Actually, I read a very good (I thought) analysis by a Spanish blogger who seems to have some inside knowledge of the Vatican. He said that Benedict simply felt that he could not handle the Curia anymore, and that Benedict is genuinely frail and fears that if anything further happens to him, the Curia will simply take over and do whatever its members feel like doing. They have NOT been supportive of BXVI, and have in fact impeded and undermined him (the whole Vatileaks mess, the mishandling of the Williams matter, and the failure to enforce his decrees in the sex abuse cases or even his decree making the Latin Mass more available are all attributable to various members of the Curia - and may well have been intentional rather than the product of incompetence, in many cases).
The blogger explained that BXVI had seen JPII grow weaker and unable to control these apparatchiks, who simply ignored his directives and did what they wanted, often invoking his name because he was by then so out of it that he couldn’t oppose them. So essentially, because of the Pope’s weakness, the Church was being governed by a bunch of faithless, useless (mostly) Italian bureaucrats. BXVI did not want this to happen to him or the Church under his authority.
I think one of the major tasks of the next Pope will be to blast the lairs of the Curia and get rid of most of them with some kind of major reorganization. One of BXVI’s problems was probably that, after all his years at the Vatican, he was too well known to the Curia and too accustomed to the dysfunctional situtation to immediately take the steps necessary when he took over. This let it fester and gave them time to dig themselves in more deeply.
That’s also the reason that he did this so abruptly, catching them completely off guard - so they would not have time to plot.
My God bless Pope Benedict in his final years and embrace him when he returns home.
...or what the ELCA is to Lutheranism.
The Catholic Reporter is NOT Catholic. It reminds me of Catholics for “Choice.”
Please don’t believe anything they say.
I was wondering if this is the CINO paper that was told by the local bishop or archbishop to stop using “Catholic” in its title to imply it’s part of or i communion with the Roman Catholic Church. From your comment, I take it that it is that paper.
I believe I recall my wife (Cradle Catholic) telling me (recent convert) that either their home bishop or the USCCB that the above "religion" news-rag could no longer legitimately use the word "Catholic" in their name.
“..either their home bishop or the USCCB that the above “religion” news-rag could no longer legitimately use the word “Catholic” in their name.
Yes, you are correct. Coincidentally my husband told me, less than one-half hour ago, that he read that the Bishops told them not to use Catholic, but they refused.
Glad we’re doing our part in getting the truth out about this NON-Catholic fake, spinning “news.”

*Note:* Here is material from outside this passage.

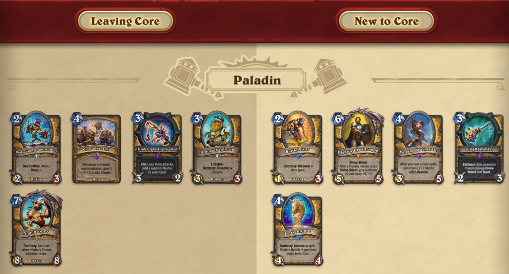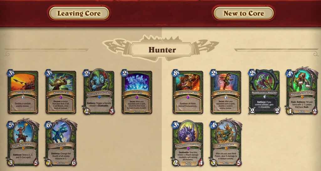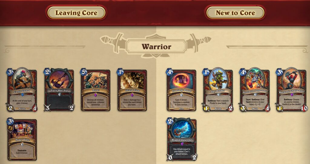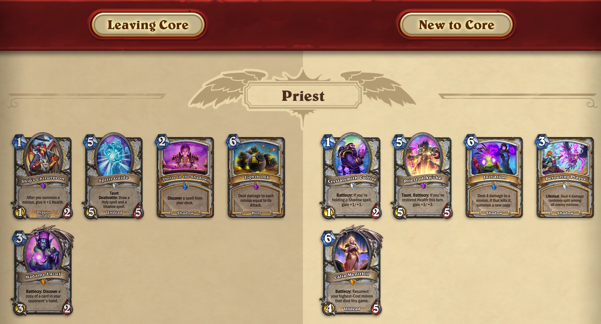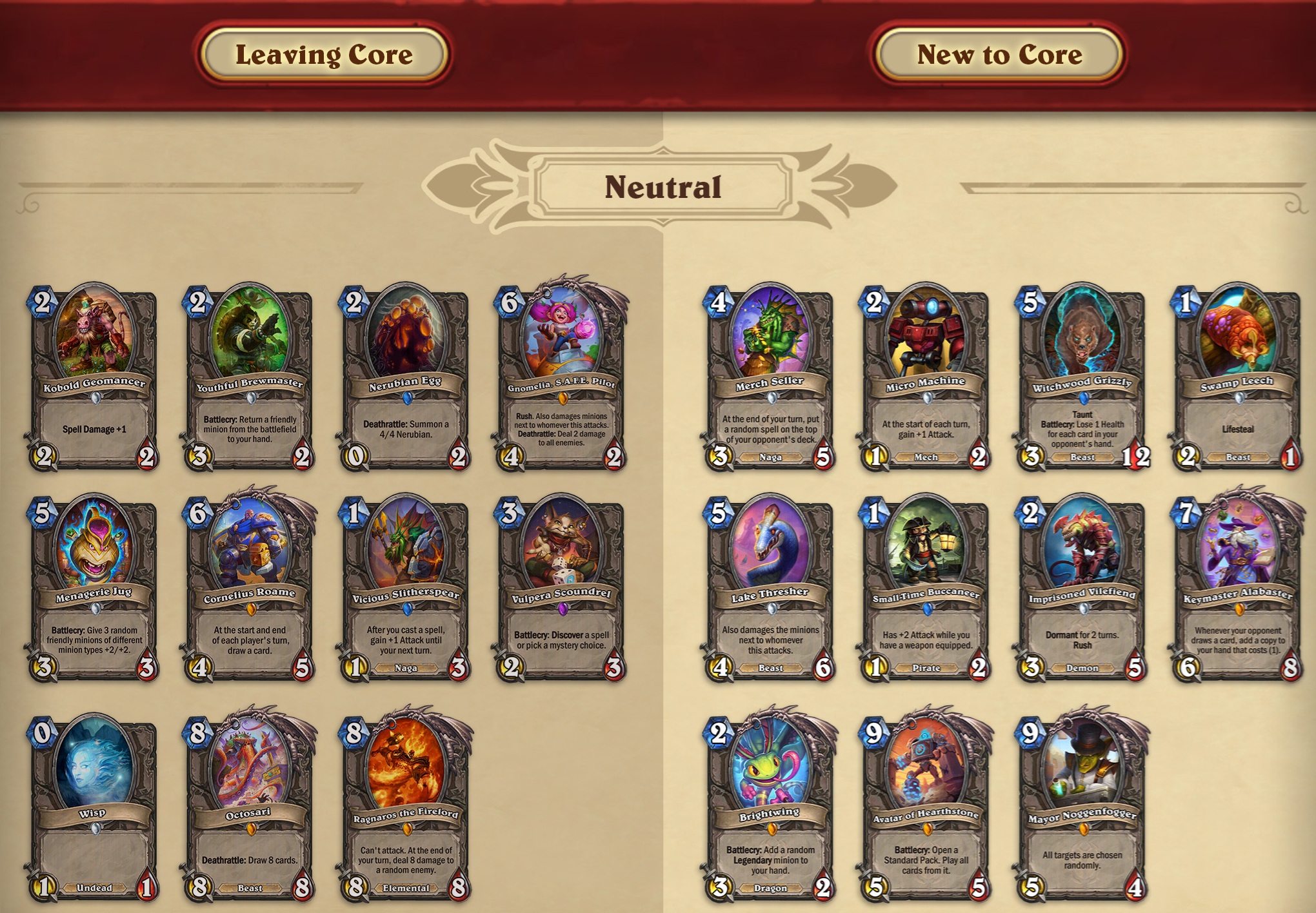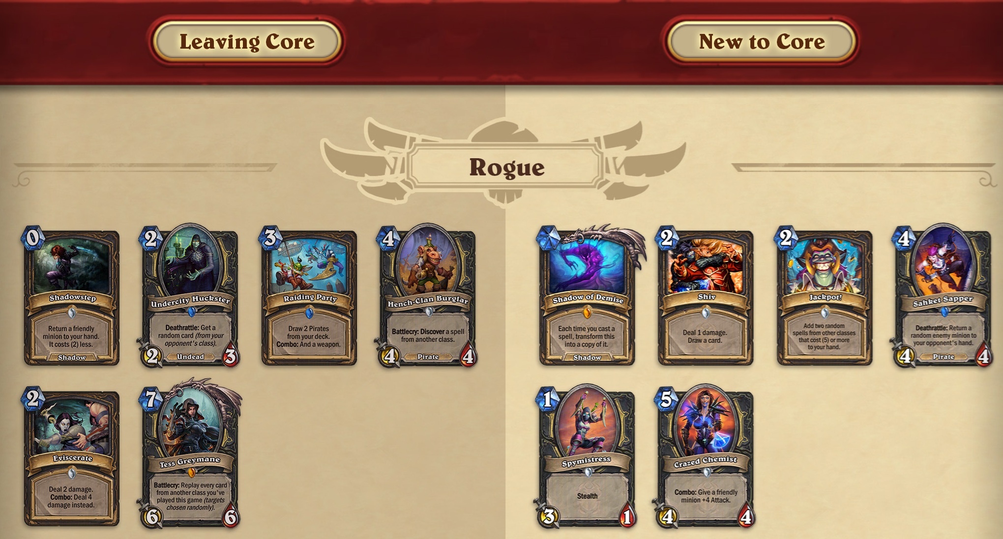 We’re also getting quite a lot of staple cards rotating out. The biggest one is definitely Shadowstep, but here are some other notable exclusions: Swipe, Brawl, Shield Slam, Corpse Explosion, Stitched Giant, Arcane Artificer, Crusader Aura, Eviscerate, Al'Akir the Windlord, and Gnomelia, S.A.F.E. Pilot. As you can see, a lot of high power level Core cards that have seen a lot of play during their time in Standard will be gone after rotation.

“..either their home bishop or the USCCB that the above “religion” news-rag could no longer legitimately use the word “Catholic” in their name.
Yes, you are correct. Coincidentally my husband told me, less than one-half hour ago, that he read that the Bishops told them not to use Catholic, but they refused.
Glad we’re doing our part in getting the truth out about this NON-Catholic fake, spinning “news.”